** Aim of the exercise **
Reproduce exactly, and only, the lines of the material below running from the line bearing "- How It Happens: We" through the line bearing "Honduras, Copan. …". Leave any pictures out.

** Material for this task **
********************

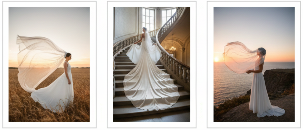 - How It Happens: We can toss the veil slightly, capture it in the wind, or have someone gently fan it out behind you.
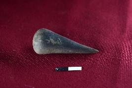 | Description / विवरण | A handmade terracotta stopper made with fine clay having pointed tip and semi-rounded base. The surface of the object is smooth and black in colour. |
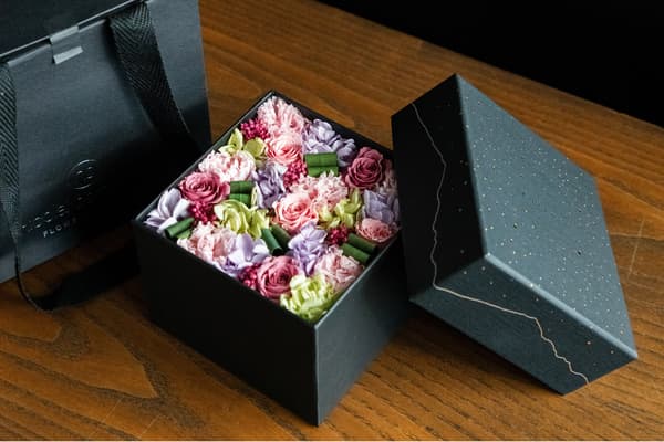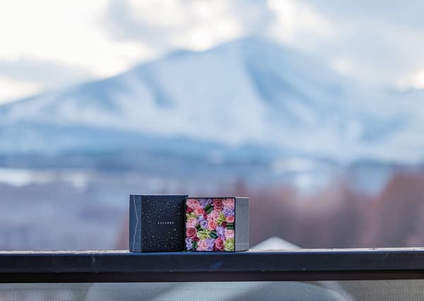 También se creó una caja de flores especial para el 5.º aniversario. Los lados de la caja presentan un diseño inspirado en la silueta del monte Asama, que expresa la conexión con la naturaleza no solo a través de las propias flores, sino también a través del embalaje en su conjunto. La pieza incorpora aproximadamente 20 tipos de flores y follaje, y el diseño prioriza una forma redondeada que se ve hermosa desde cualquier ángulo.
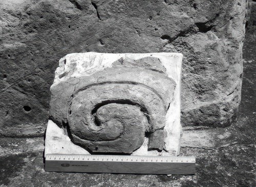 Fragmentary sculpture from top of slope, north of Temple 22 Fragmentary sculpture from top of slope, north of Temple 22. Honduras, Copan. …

********************

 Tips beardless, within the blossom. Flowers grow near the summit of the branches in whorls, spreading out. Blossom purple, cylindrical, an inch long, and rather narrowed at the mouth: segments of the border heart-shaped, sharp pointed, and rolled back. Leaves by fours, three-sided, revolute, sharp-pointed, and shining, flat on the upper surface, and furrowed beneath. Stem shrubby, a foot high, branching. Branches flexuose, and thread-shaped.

********************

** Response to this task **
 - How It Happens: We can toss the veil slightly, capture it in the wind, or have someone gently fan it out behind you.
 | Description / विवरण | A handmade terracotta stopper made with fine clay having pointed tip and semi-rounded base. The surface of the object is smooth and black in colour. |
 También se creó una caja de flores especial para el 5.º aniversario. Los lados de la caja presentan un diseño inspirado en la silueta del monte Asama, que expresa la conexión con la naturaleza no solo a través de las propias flores, sino también a través del embalaje en su conjunto. La pieza incorpora aproximadamente 20 tipos de flores y follaje, y el diseño prioriza una forma redondeada que se ve hermosa desde cualquier ángulo.
 Fragmentary sculpture from top of slope, north of Temple 22 Fragmentary sculpture from top of slope, north of Temple 22. Honduras, Copan. …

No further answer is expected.